Леша свой коньяк выиграл вполне заслуженно. Его сюжетные виражи всех привели в восторг. Лишь Катерина Галанкина нашла их безвкусными. Но ей всегда было трудно угодить. Леша нагло заявил Катерине, что вкус у него как раз отменный: он один к одному стащил сюжет у Пушкина, из «Метели». Все как у классика, только он назвал вещи своими именами и закруглил ситуацию!
Лике сценарий понравился. Она устала от своего горя, и ей хотелось играть горе чужое. Чем будет больше горя, тем лучше! Она горячо, до дрожи желала переспать с незнакомцем в городском парке и потом не помнить его лица. Она была согласна зачать младенца от Олега Адольфовича и получить миллион. Она повеселела и совсем была готова отправиться домой.
Но разноцветная сирень под окном, недавно пробудившая ее к жизни, теперь зачем-то удерживала от решительного шага в эту самую жизнь. Оторваться от призрачной надежды было трудно. Темная, с белым лицом, высокая фигура среди ветвей каждый день мучила и обманывала Лику. Даже здесь, в желтом доме на Луначарского, от любви к Феде она никак не могла излечиться. Тяжкий, странный, ноющий жар в ее груди никак не остывал. Федя все время был где-то рядом. Лика слышала его дыхание, знакомое покашливание и даже смех. Все это странным образом доносилось откуда-то издали, чуть слева. Она даже смутно видела его силуэт сквозь стены и сквозь молочные стекла смертельно белых дверей. Он был рядом!
Она знала, что это невозможно. Но ее любовь теперь уже совсем отделилась от нее и, независимо от ее желаний, творила свои собственные чудеса и фокусы. Отец, испугавшись этих фокусов, увез Лику домой. Почти насильно увез. Сирень осталась увядать без нее.

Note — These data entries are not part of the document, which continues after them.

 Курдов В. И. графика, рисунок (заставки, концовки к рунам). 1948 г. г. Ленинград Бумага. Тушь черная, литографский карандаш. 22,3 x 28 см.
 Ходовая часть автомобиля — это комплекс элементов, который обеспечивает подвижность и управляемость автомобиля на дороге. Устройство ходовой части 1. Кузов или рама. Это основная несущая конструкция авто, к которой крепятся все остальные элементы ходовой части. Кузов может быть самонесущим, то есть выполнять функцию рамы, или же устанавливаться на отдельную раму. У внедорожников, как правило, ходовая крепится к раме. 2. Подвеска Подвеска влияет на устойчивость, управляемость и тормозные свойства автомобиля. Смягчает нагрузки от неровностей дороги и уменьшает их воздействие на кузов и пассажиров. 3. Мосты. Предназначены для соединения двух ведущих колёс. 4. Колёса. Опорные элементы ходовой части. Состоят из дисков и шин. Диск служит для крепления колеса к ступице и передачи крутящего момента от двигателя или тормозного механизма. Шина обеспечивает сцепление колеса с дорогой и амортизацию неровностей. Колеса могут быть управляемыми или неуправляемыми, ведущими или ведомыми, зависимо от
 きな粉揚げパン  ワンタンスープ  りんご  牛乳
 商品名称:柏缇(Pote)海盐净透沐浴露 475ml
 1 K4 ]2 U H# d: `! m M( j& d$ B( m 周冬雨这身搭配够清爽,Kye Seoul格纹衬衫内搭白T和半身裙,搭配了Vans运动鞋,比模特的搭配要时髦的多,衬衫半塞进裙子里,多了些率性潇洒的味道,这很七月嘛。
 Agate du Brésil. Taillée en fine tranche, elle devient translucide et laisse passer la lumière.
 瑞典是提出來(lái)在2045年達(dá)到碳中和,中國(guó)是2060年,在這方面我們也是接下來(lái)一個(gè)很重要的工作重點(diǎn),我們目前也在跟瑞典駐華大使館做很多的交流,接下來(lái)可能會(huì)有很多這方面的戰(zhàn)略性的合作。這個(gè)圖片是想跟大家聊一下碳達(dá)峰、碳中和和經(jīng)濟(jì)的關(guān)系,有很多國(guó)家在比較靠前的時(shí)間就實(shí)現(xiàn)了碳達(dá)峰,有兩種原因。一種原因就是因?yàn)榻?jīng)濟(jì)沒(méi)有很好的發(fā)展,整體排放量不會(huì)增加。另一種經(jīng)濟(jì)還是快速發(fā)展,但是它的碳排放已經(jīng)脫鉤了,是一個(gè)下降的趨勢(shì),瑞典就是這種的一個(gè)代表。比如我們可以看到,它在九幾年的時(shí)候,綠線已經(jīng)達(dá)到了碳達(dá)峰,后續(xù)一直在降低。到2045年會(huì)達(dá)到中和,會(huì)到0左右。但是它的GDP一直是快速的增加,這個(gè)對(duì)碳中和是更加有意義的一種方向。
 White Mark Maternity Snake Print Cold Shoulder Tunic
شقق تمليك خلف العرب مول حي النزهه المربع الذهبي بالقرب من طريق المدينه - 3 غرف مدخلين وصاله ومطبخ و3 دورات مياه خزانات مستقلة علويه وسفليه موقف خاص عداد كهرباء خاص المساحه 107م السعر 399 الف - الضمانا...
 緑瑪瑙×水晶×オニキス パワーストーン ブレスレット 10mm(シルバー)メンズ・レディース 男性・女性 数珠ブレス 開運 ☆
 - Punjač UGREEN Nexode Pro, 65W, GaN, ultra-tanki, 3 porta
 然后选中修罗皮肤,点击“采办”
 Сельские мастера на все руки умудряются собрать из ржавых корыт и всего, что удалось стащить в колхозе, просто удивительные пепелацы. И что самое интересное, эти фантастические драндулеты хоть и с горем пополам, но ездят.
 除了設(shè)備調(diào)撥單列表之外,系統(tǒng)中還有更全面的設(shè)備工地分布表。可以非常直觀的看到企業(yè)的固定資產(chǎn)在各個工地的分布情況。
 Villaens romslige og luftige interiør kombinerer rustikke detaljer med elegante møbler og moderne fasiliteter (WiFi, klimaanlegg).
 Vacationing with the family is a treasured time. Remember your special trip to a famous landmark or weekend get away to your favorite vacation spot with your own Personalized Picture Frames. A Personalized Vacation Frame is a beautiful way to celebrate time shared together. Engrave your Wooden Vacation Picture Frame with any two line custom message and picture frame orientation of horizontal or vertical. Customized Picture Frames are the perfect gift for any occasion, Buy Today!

Майор Новиков вообще никогда не смотрел на сирень и прочую зелень. Некогда ему было — дело об убийстве на заводе металлоизделий сдвинулось с мертвой точки. Оно задышало! Пришло из Владикавказа сообщение, что бизнесмен Сеттуев, подаривший сгинувшему братству «Сомерсетт» неграмотное окончание, три дня назад побывал у своих родителей. Правда, он скрылся ровно за восемнадцать минут до прихода милиции, но все-таки оказался не призраком, а реальным, жизнерадостным коренастым брюнетом без особых примет. Его фамилия в самом деле была Сеттуев. Он очень любил отца и маму. Стало быть, домой он неминуемо вернется, а прочее — дело техники.
Очертания жестокой криминальной свары, которая могла привести к мертвым телам и горелым автомобилям, тоже стали вырисовываться. Прошел слух, что местный авторитет Кеша Серебро наезжает на каких-то залетных. Кеша был фигурой не самого высокого полета, и его красивая кличка прозаично восходила к его красивой фамилии Серебров. Кеша, как и Сеттуев, — тоже не призрак, не тень отца Гамлета в капюшоне. С Кешей работать можно!
— Понимаешь, Серебров пасет в городе аптечный бизнес. Все тропки таки ведут к этому чертову «Сомерсетту», — говорил Стас Самоварову, развалясь в музейной мастерской на знаменитом полуантикварном диване.
Диван этот хоть и напоминал большое корыто, но был на редкость удобен. Он воплощал для Стаса самоваровский рукотворный уют. В свое время Самоваров спас этот предмет мебели от унылой медленной смерти на одном заднем дворе. Шел дождь, и изгнанный из чьего-то дома диван выглядел жалко. Его обивка была сплошь в клочьях и текучих воробьиных белилах. Из сиденья, ощерившись, торчали бессильные пружины.
Ни малейшей художественной ценности диван не представлял. Он был сварганен каким-то местным умельцем во времена нэпа, хотя крутой выгиб спинки взывал к тени маркизы де Помпадур. Кривоватые крепкие ноги дивана носили следы грубой резьбы. Они замышлялись как львиные, с пятью пальцами и даже завитком шерсти под коленом. «Не львиные, а собачьи!» — посмеялся Самоваров, но все-таки перевез диван в свою мастерскую.
После починки и обивки из него получилась смешная, но уютная вещь. Все посетители мастерской усаживались именно на диван, хотя водились у Самоварова и другие раритеты — настоящие венские (из Вены!) стулья и кленовое полукресло с тучным серпом и молотом на спинке (по преданию, именно в этом полукресле сиживал нарком Каганович в дни, когда инспектировал Нетский железнодорожный узел).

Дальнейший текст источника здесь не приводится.